Problem statement:
What is needed is an exact copy of the lines in the entries below from the one holding "This elegant white" through the one holding "ENPC EXAM PREP", pictures excluded.
■ ■ ■ ■
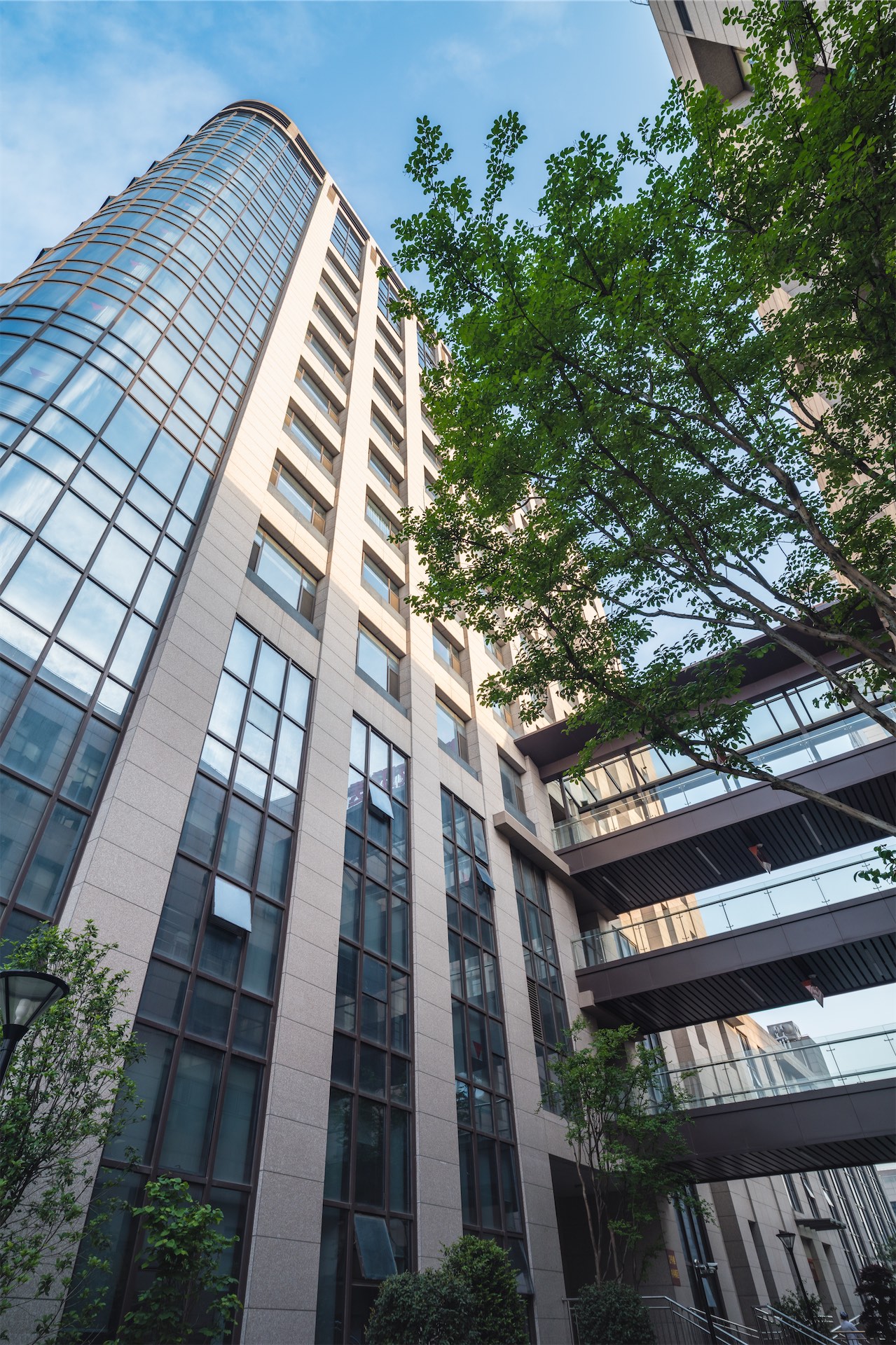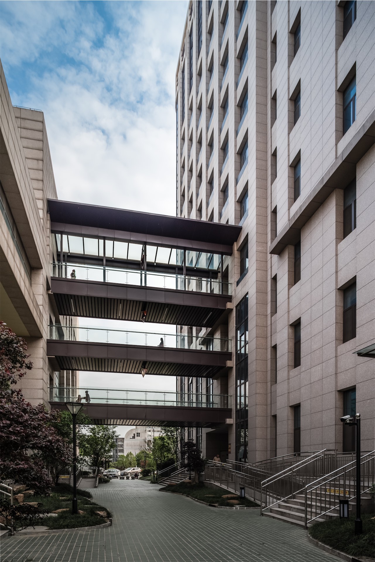 建筑造型设计结充分考虑沿四望亭路与维扬路的空间轮廓和城市形象,形成统一有序、层次丰富的空间界面,体现医院建筑独特的建筑个性和明显的标识性。立面采用统一的模数与墙面划分,产生明确严谨的规律。并采用大块面的虚实对比手法,创造大气而又整体的形象,强调建筑的现代感及“人性化”医院的设计理念。以高起点、高标准、高眼界来为该建筑定位,打造该地区内具有标志性和时代感的建筑形象。
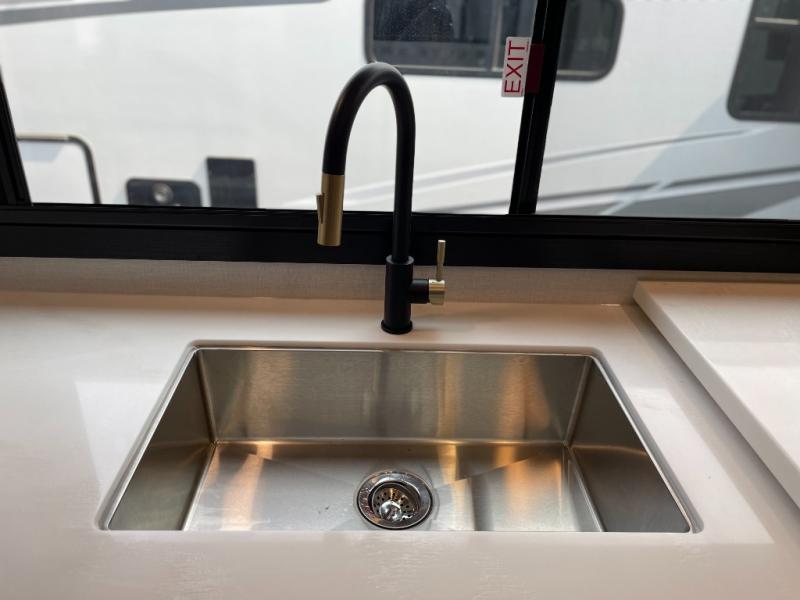 With each Forest River Salem Hemisphere Elite fifth wheel, there are laminated "Aluma Frame" sidewalls and floor with block foam insulation and a full-profile wrap-around front cap. There are also power stabilizer jacks and landing gear outside, along with back up camera prep and Lippert On-The-Go ladder prep, plus an AccessiBelly Underbelly for added protection against the elements. The included Elevated Value Package features high-end solid surface countertops, a JBL sound system, and an RV Airflow mechanism, which provides a minimum of 25% better airflow. You'll find even more amenities within the Expedition Package, such as an in-line water filtration system, a king bed in the master bedrooms, a spacious 20 cu. ft. refrigerator, a 24" four burner "turkey-sized" gas range, and more residential features!
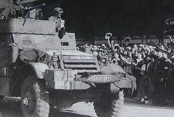 La compañía de antifascistas españoles de la División Acorazada del general Leclerc liberó el ayuntamiento de París y detuvieron al comandante de los nazis antes de retomar una participación en la II Guerra Mundial que finalizaría en mayo del año siguiente. Los soldados de “La Nueve” fueron los primeros en entrar en París para liberarlo de la ocupación nazi. Y lo hicieron bajo dos banderas tricolores, la de la Segunda República española, su país, y la de Francia, que, finalmente, acogió como paisanos a los supervivientes de esta legendaria unidad del Ejército de Liberación, al acabar la Segunda Guerra Mundial. “Alrededor de setenta miembros de La Nueve, como se conocía a la Novena Compañía [del Tercer Batallón del comandante Joseph Putz] de la División Leclerc, fueron los primeros en llegar, a las nueve de la noche del 24 de agosto de 1944, al Ayuntamiento de París –recuerda Eduardo Bayona en el reportaje ‘La Nueve, cuando los republicanos derrocaron al fascismo’, en Público–, donde se atrincheraron miembros de la resistencia y ciudadanos, para liberarlo. En los vehículos de las fuerzas aliadas podían leerse rótulos como ‘Guadalajara’, el primero en llegar, ‘Ebro’, ‘Belchite’, ‘Teruel’, ‘Brunete’ o ‘Jarama’, nombres de batallas de la guerra civil que los republicanos habían pintado en los capós. Unas horas antes, esta fuerza de combate, la única de las tropas de liberación en la que el castellano era la lengua vehicular, tras haber sido fundada casi exclusivamente con españoles (144 de 160), fue de las primeras en entrar en la ciudad. El general nazi y su estado mayor fueron capturados por un extremeño (Antonio Gutiérrez), un aragonés (Antonio Navarro) y un sevillano (Francisco Sánchez) que lograron romper el cerco defensivo y subir hasta el primer piso del hotel Meurice, donde estaba instalado el alto mando. Sin embargo, tuvieron que retenerlos hasta que un oficial francés formalizara el arresto. Cuenta Evelyn Mesquida, en “La Nueve”, cómo “antes de salir de su guarida, el general se quitó su reloj y se lo regaló a Gutiérrez, agradeciéndole haber respetado las leyes de la guerra”. Para entonces, llevaban tres semanas en Francia (habían zarpado el 31 de julio de Southampon), a donde habían llegado por la playa de La Madeleine, en Normandía, dentro del dispositivo iniciado el 6 de junio, el Día D. Pocos días después se enfrentaron con la Wehrmacht en la batalla de Ecouché, sufriendo las primeras bajas. A partir de entonces, actuarían como avanzadilla de las tropas.
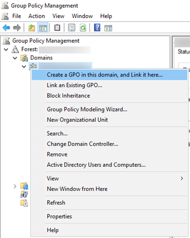 - Klicken Sie mit der rechten Maustaste auf die Domäne oder Organisationseinheit (OU), in der Sie Kontosperrungen überwachen möchten, und klicken Sie auf Gruppenrichtlinienobjekt (GPO) in dieser Domäne erstellen und Hier verknüpfen.
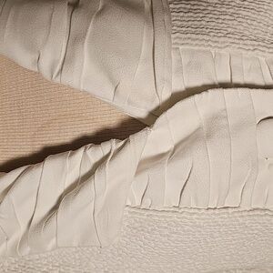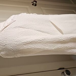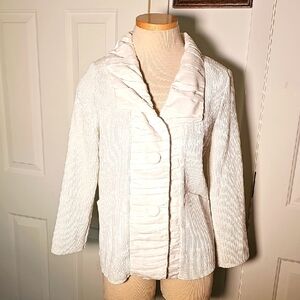 This elegant white jacket is perfect for any occasion. Its sophisticated design adds a touch of class to your wardrobe. 2 covered buttons. size medium. pit to pit flat measurement is 22". The sleeves are 15". the top to bottom length is 24". very good used condition and quality.
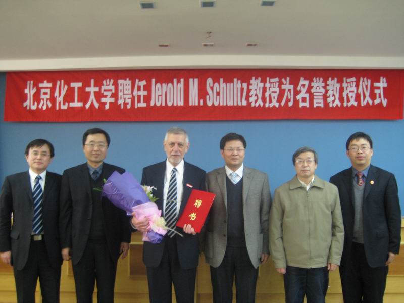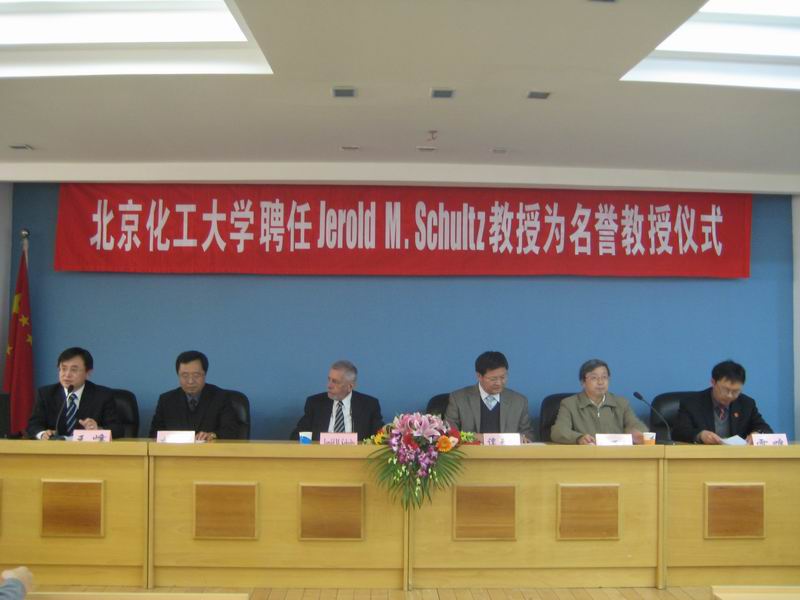 首先由材料学院院长杨万泰教授介绍了Jerold M. Schultz教授的履历及研究成就,然后副校长谭天伟教授为Jerold M. Schultz教授颁发名誉教授聘书,学生代表为Jerold M. Schultz教授献花并佩戴校徽。随后,副校长谭天伟教授代表学校对Jerold M. Schultz教授聘任为我校名誉教授表示热烈的欢迎,并且对Jerold M. Schultz教授来我校任名誉教授表示感谢。最后,Jerold M. Schultz教授发表了热情洋溢的讲话,他表示希望能够为化工大学做点实际工作,并会为我校科研的进一步发展做出应有的贡献。
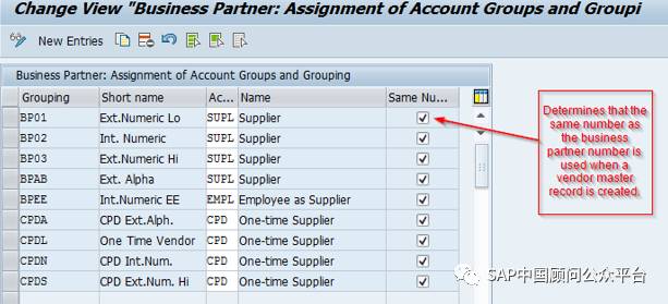 另外,BP分组与供应商/客户帐户组须进行映射。
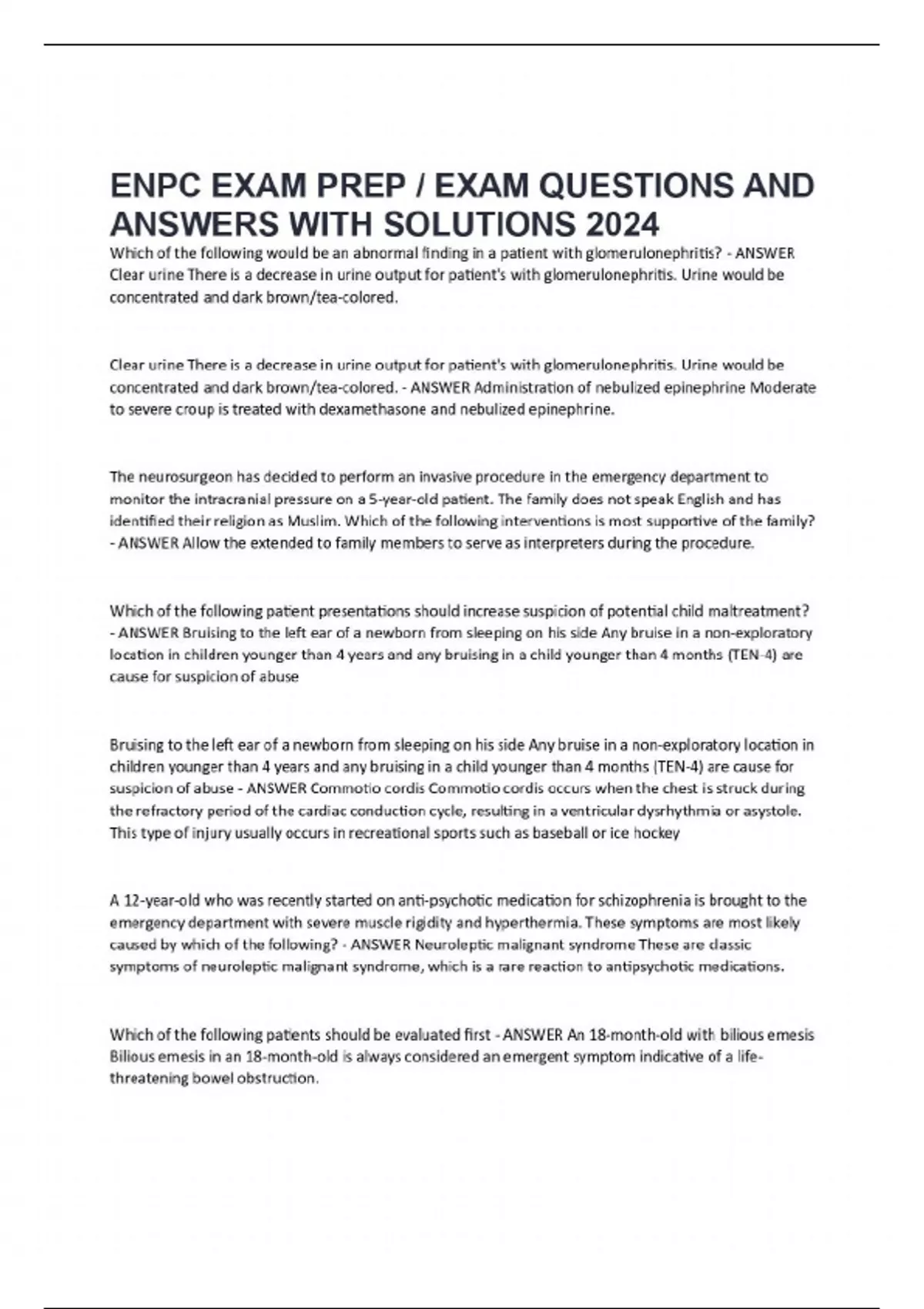 ENPC EXAM PREP / EXAM QUESTIONS AND ANSWERS WITH SOLUTIONS 2024
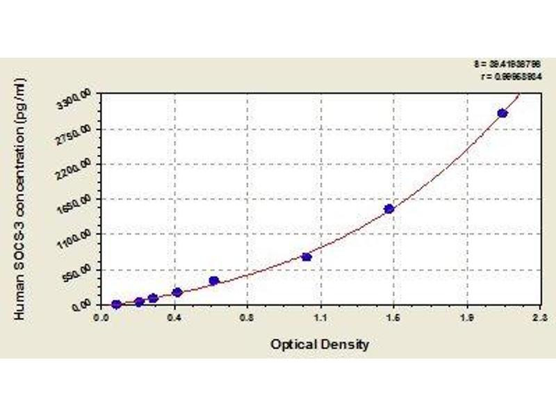 - Antibody specific for SOCS3 has been pre-coated onto a microplate. Standards and samples are pipetted into the wells and any SOCS3 present is bound by the immobilized antibody. After removing any unbound substances, a biotin-conjugated antibody specific for SOCS3 is added to the wells. After washing, avidin conjugated Horseradish Peroxidase (HRP) is added to the wells. Following a wash to remove any unbound avidin-enzyme reagent, a substrate solution is added to the wells and color develops in proportion to the amount of SOCS3 bound in the initial step. The color development is stopped and the intensity of the color is measured.
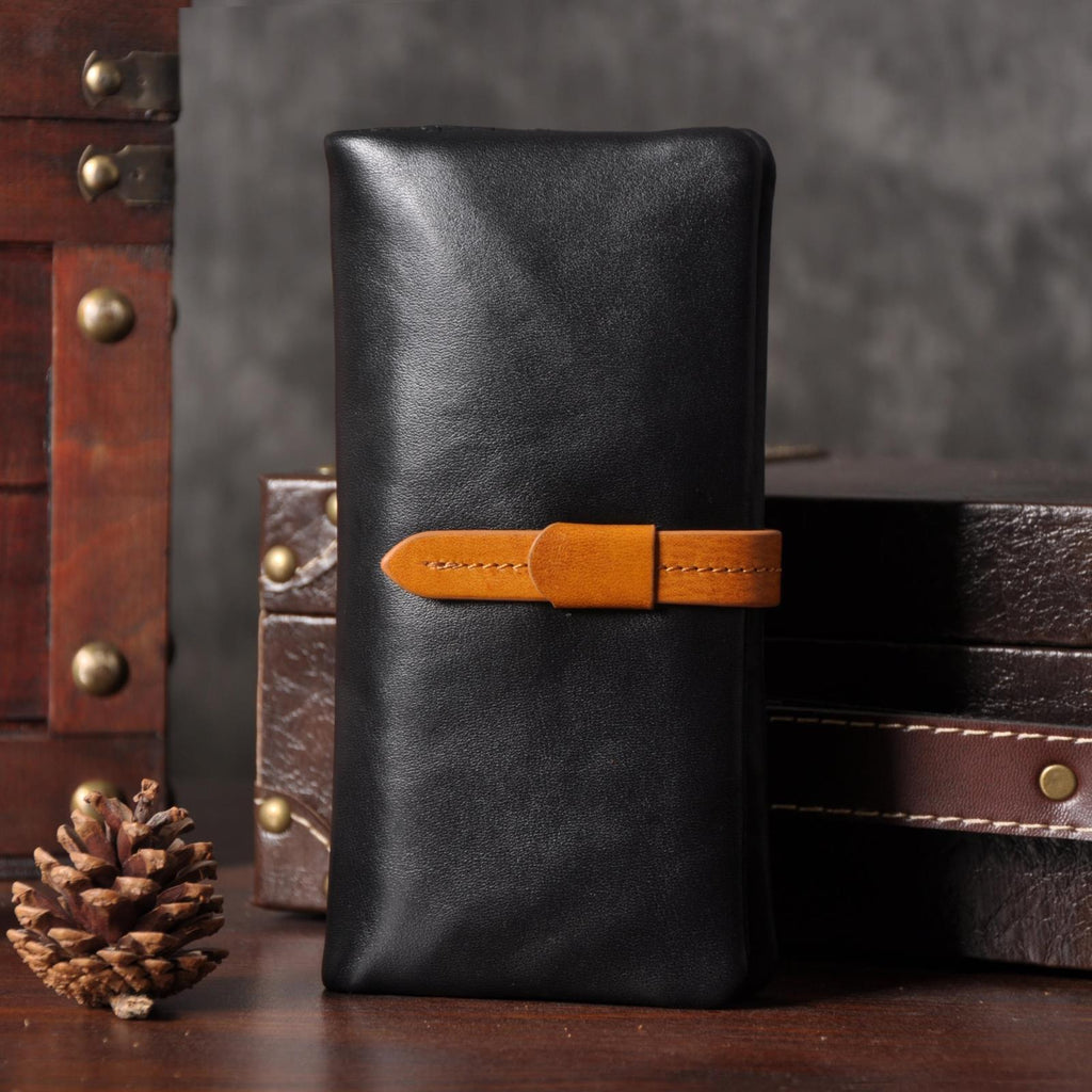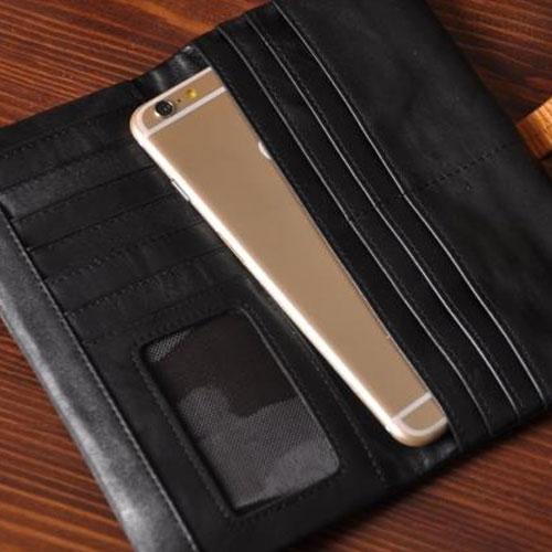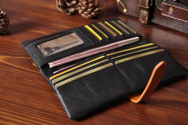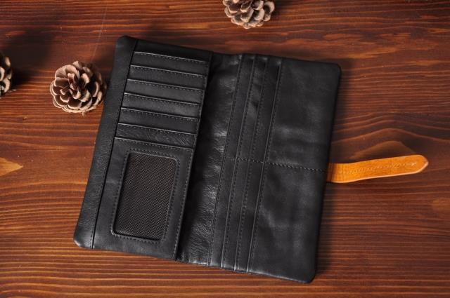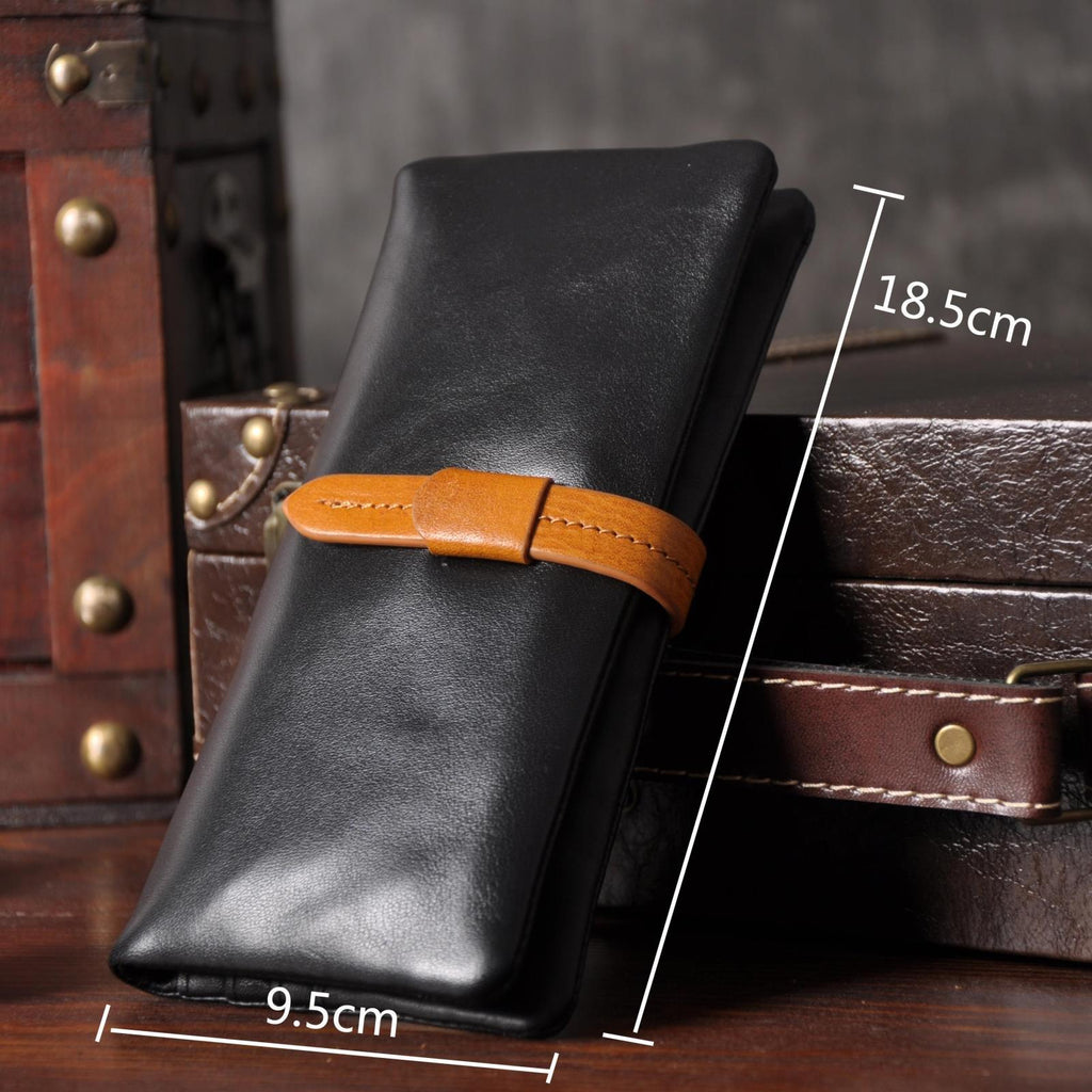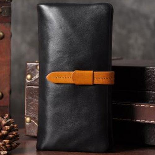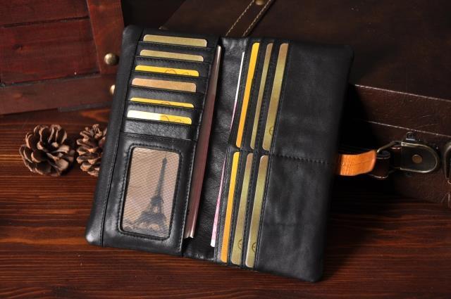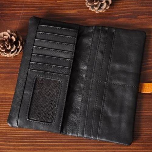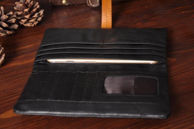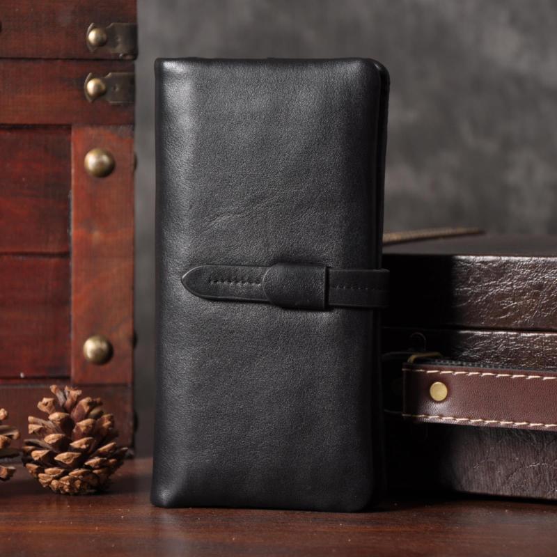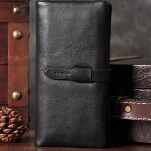Design: Handmade Leather Mens Cool Long Leather Wallet Bifold Clutch Wallet for Men
■ ■ ■ ■
Solution for this problem:
 This elegant white jacket is perfect for any occasion. Its sophisticated design adds a touch of class to your wardrobe. 2 covered buttons. size medium. pit to pit flat measurement is 22". The sleeves are 15". the top to bottom length is 24". very good used condition and quality.
 首先由材料学院院长杨万泰教授介绍了Jerold M. Schultz教授的履历及研究成就,然后副校长谭天伟教授为Jerold M. Schultz教授颁发名誉教授聘书,学生代表为Jerold M. Schultz教授献花并佩戴校徽。随后,副校长谭天伟教授代表学校对Jerold M. Schultz教授聘任为我校名誉教授表示热烈的欢迎,并且对Jerold M. Schultz教授来我校任名誉教授表示感谢。最后,Jerold M. Schultz教授发表了热情洋溢的讲话,他表示希望能够为化工大学做点实际工作,并会为我校科研的进一步发展做出应有的贡献。
 另外,BP分组与供应商/客户帐户组须进行映射。
 ENPC EXAM PREP / EXAM QUESTIONS AND ANSWERS WITH SOLUTIONS 2024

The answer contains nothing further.